A Bayesian Mixture model with learnable prior to integrate single cell gene expression data in rare variants association analysis.

This is my first PhD project in Dr. Yufeng Shen’s lab.

Rare or de novo variants have substantial contribution to human diseases, but the statistical power to identify risk genes by rare variants is generally low due to rarity of genotype data. Previous studies have shown that risk genes usually have high expression in relevant cell types, although for many conditions the identity of these cell types are largely unknown. Recent efforts in single cell atlas in human and model organisms produced large amount of gene expression data. Here we present VBASS, a Bayesian method that integrates single-cell expression and de novo variant (DNV) data to improve power of disease risk gene discovery. VBASS models disease risk prior as a function of expression profiles, approximated by deep neural networks.
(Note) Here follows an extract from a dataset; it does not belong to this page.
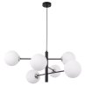 Lampa sufitowa VICENZA, długi żyrandol glamour, czarny, chromowane akcenty, białe kule

It learns the weights of neural networks and parameters of Gamma-Poisson likelihood models of DNV counts jointly from expression and genetics data. On simulated data, VBASS shows proper error rate control and better power than state-of-the-art methods. We applied VBASS to published datasets and identified more candidate risk genes with supports from literature or data from independent cohorts.

Demonstration of the model. Left is the graphic model. Right is a example demonstration of information flow.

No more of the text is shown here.